## AIM OF THE TASK
Since only the text is wanted, print every entry below exactly and omit the images.

Records drawn from a dataset:
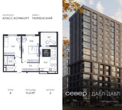 Продаётся квартира площадью 71.6 м2 в жилом комплексе "Дабл-Дабл". Квартира находится на 4 этаже, жилая площадь квартиры 31.8 м2, площадь просторной кухни — 16.9 м2. Среди особенностей планировки — изолированные комнаты с окнами на одну сторону, 1 совмещённый санузел.
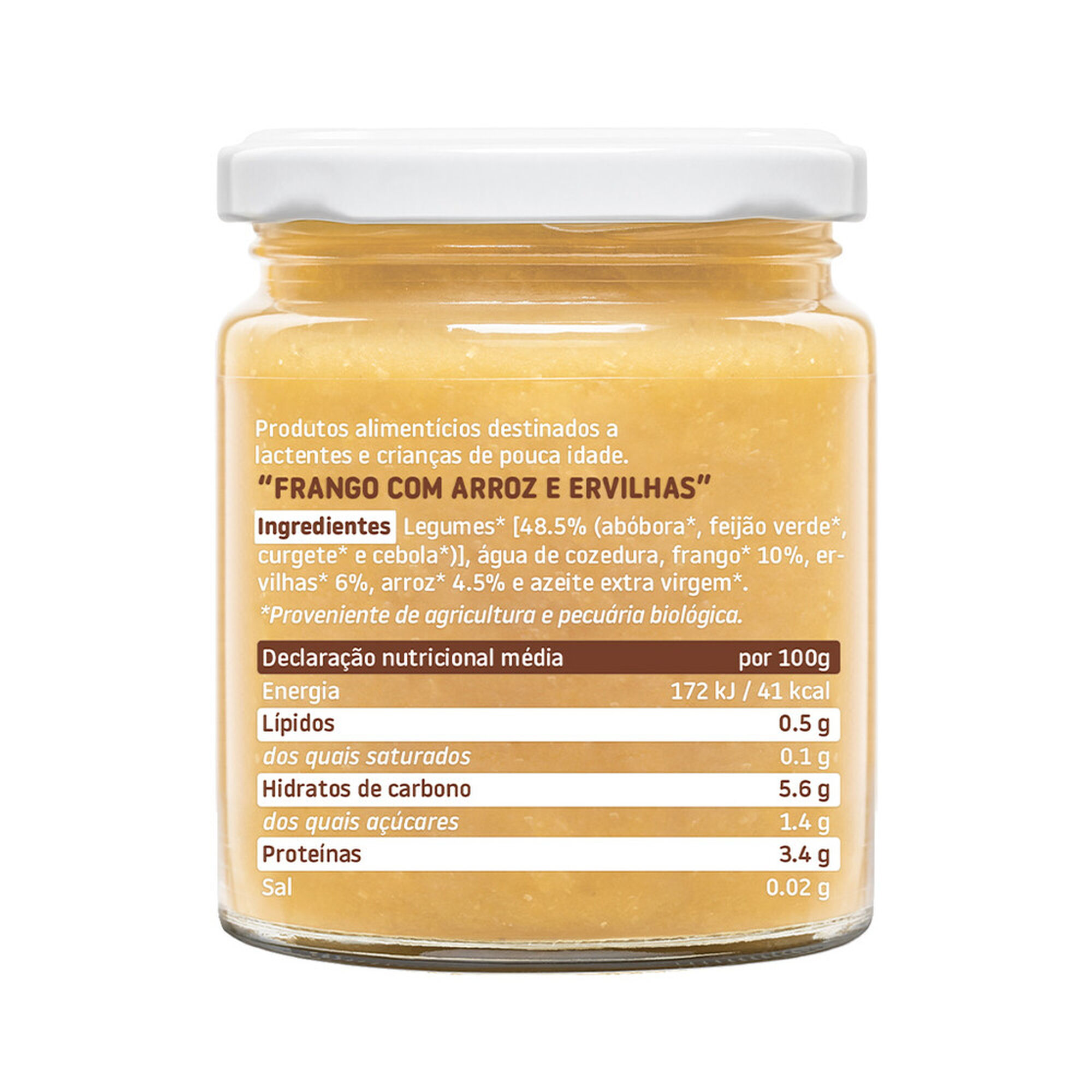 Legumes* [48.5% (abóbora*, feijão verde*, curgete* e cebola*)], água da cozedura, frango* 10%, ervilhas*6%, arroz* 4.5% e azeite extra virgem*. *Proveniente de agricultura e pecuária biológica.
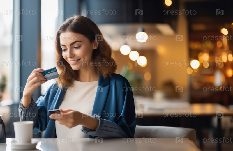 Молодая женщина использует современные платежные технологии с помощью кредитной карты в кафе.Сгенерированное изображение
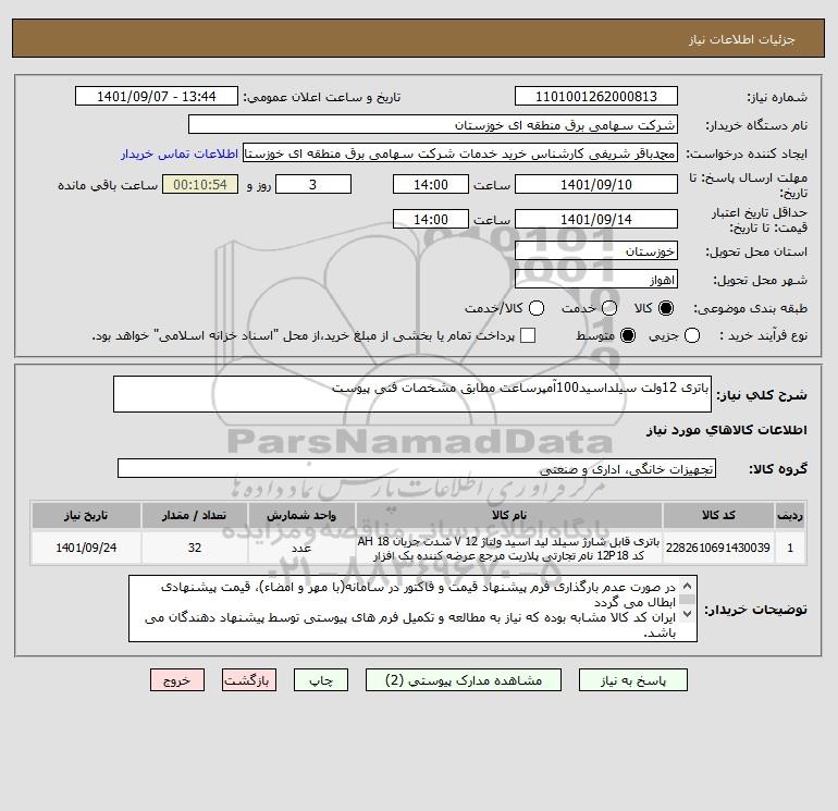 استعلام باتری 12ولت سیلداسید100آمپرساعت مطابق مشخصات فنی پیوست, استعلام باتری 12ولت سیلداسید100آمپرساعت مطابق مشخصات فنی پیوست
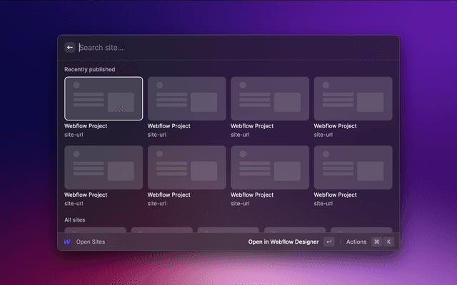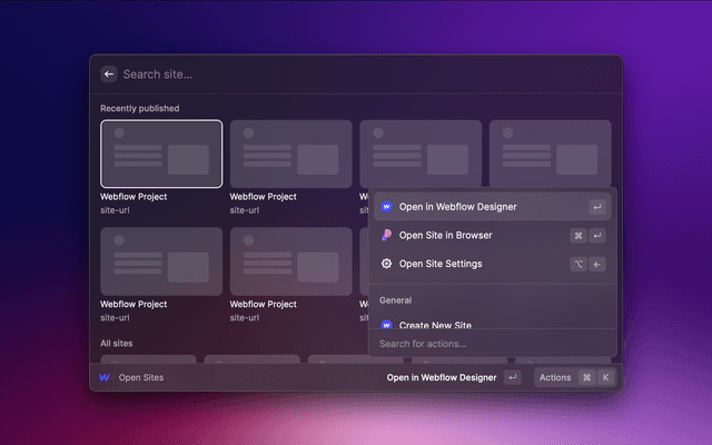 Supercharged productivity for Webflow. Bring Webflow to every corner of your OS. Open any project from anywhere. Site settings and more.
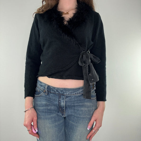 Sold outY2K feather trim bow wool cardigan
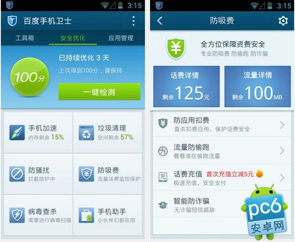 名称: 百度手机卫士v5.11.0(原安卓优化大师) 大小: 15.1M 下载: http://www.pc6.com/az/105017.html
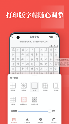 【个性化设置】可设置格子样式、文字透明度、格子透明度、字帖背景主题等。
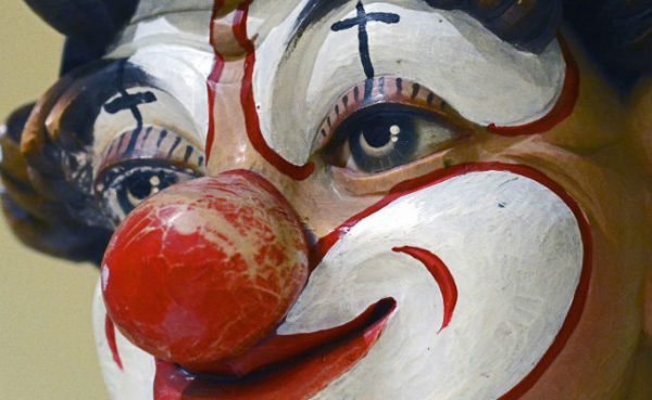 “Sit!” beveel Shortie weer. Hy haal ’n leertassie uit en slaan die flap oop. Binne is vier botteltjies met rooi, blou, groen en swart rome. Hy neem ’n spons en doop dit eers in die rooi room vir die mond. Toe hy klaar is met die gesig, kyk Peet in die spieël. Hy kry ’n draaigevoel op sy maag. Die gedagte tref hom: hy is seker veronderstel om vanaand in die sirkus te gaan optree! Hy syg neer op die bank en slaan sy oë op.
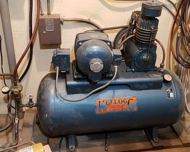 Air Compressor with Starter Switch and Pressure Regulator (pin hole in tank underneath on bottome left side under regulators)
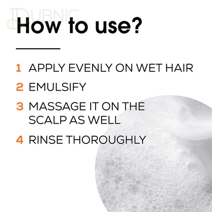 Next, indulge your hair and scalp with the Hair Spa Deep Nourishing Conditioner. Distribute evenly on wet hair and scalp, emulsify, and leave it on for 3-5 minutes. Rinse thoroughly to reveal nourished and revitalized hair.
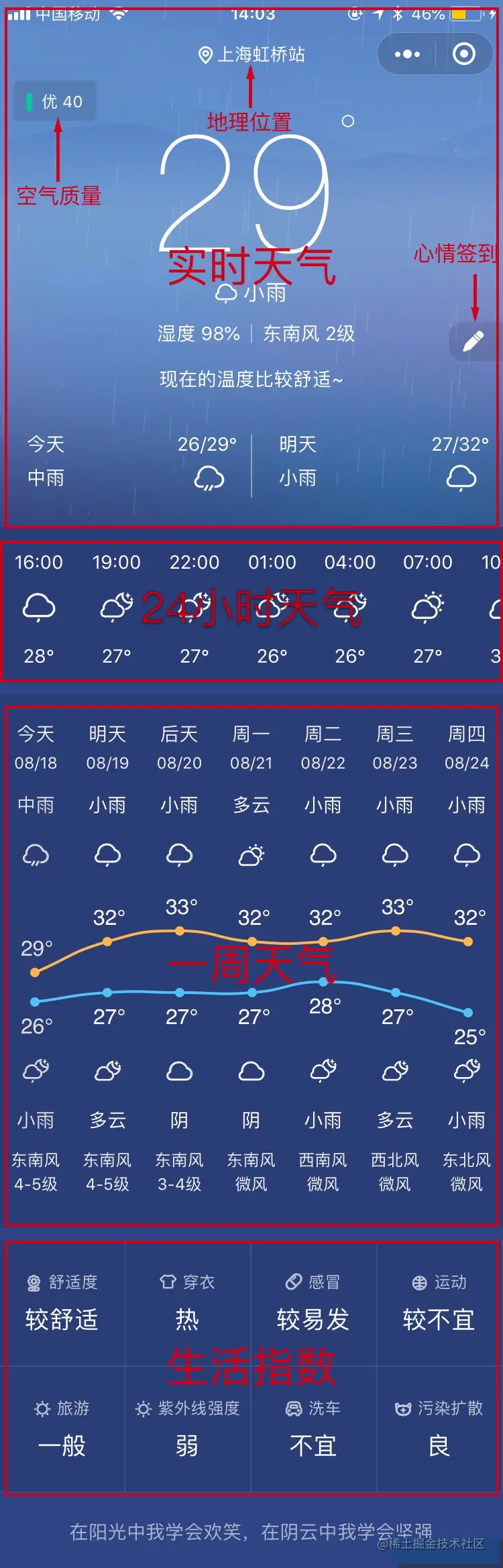 • 实时天气预报:这块页面元素较多,页面复杂度高,其中顶部定位模块有事件绑定,右侧签到入口有「心情签到」页面入口;除此之外,在雨雪天气整个区域还会有雨雪动效,动效是使用小程序的绘图 API 实现的粒子系统

## YOUR SOLUTION
 Продаётся квартира площадью 71.6 м2 в жилом комплексе "Дабл-Дабл". Квартира находится на 4 этаже, жилая площадь квартиры 31.8 м2, площадь просторной кухни — 16.9 м2. Среди особенностей планировки — изолированные комнаты с окнами на одну сторону, 1 совмещённый санузел.
 Legumes* [48.5% (abóbora*, feijão verde*, curgete* e cebola*)], água da cozedura, frango* 10%, ervilhas*6%, arroz* 4.5% e azeite extra virgem*. *Proveniente de agricultura e pecuária biológica.
 Молодая женщина использует современные платежные технологии с помощью кредитной карты в кафе.Сгенерированное изображение
 استعلام باتری 12ولت سیلداسید100آمپرساعت مطابق مشخصات فنی پیوست, استعلام باتری 12ولت سیلداسید100آمپرساعت مطابق مشخصات فنی پیوست
 Supercharged productivity for Webflow. Bring Webflow to every corner of your OS. Open any project from anywhere. Site settings and more.
 Sold outY2K feather trim bow wool cardigan
 名称: 百度手机卫士v5.11.0(原安卓优化大师) 大小: 15.1M 下载: http://www.pc6.com/az/105017.html
 【个性化设置】可设置格子样式、文字透明度、格子透明度、字帖背景主题等。
 “Sit!” beveel Shortie weer. Hy haal ’n leertassie uit en slaan die flap oop. Binne is vier botteltjies met rooi, blou, groen en swart rome. Hy neem ’n spons en doop dit eers in die rooi room vir die mond. Toe hy klaar is met die gesig, kyk Peet in die spieël. Hy kry ’n draaigevoel op sy maag. Die gedagte tref hom: hy is seker veronderstel om vanaand in die sirkus te gaan optree! Hy syg neer op die bank en slaan sy oë op.
 Air Compressor with Starter Switch and Pressure Regulator (pin hole in tank underneath on bottome left side under regulators)
 Next, indulge your hair and scalp with the Hair Spa Deep Nourishing Conditioner. Distribute evenly on wet hair and scalp, emulsify, and leave it on for 3-5 minutes. Rinse thoroughly to reveal nourished and revitalized hair.
 • 实时天气预报:这块页面元素较多,页面复杂度高,其中顶部定位模块有事件绑定,右侧签到入口有「心情签到」页面入口;除此之外,在雨雪天气整个区域还会有雨雪动效,动效是使用小程序的绘图 API 实现的粒子系统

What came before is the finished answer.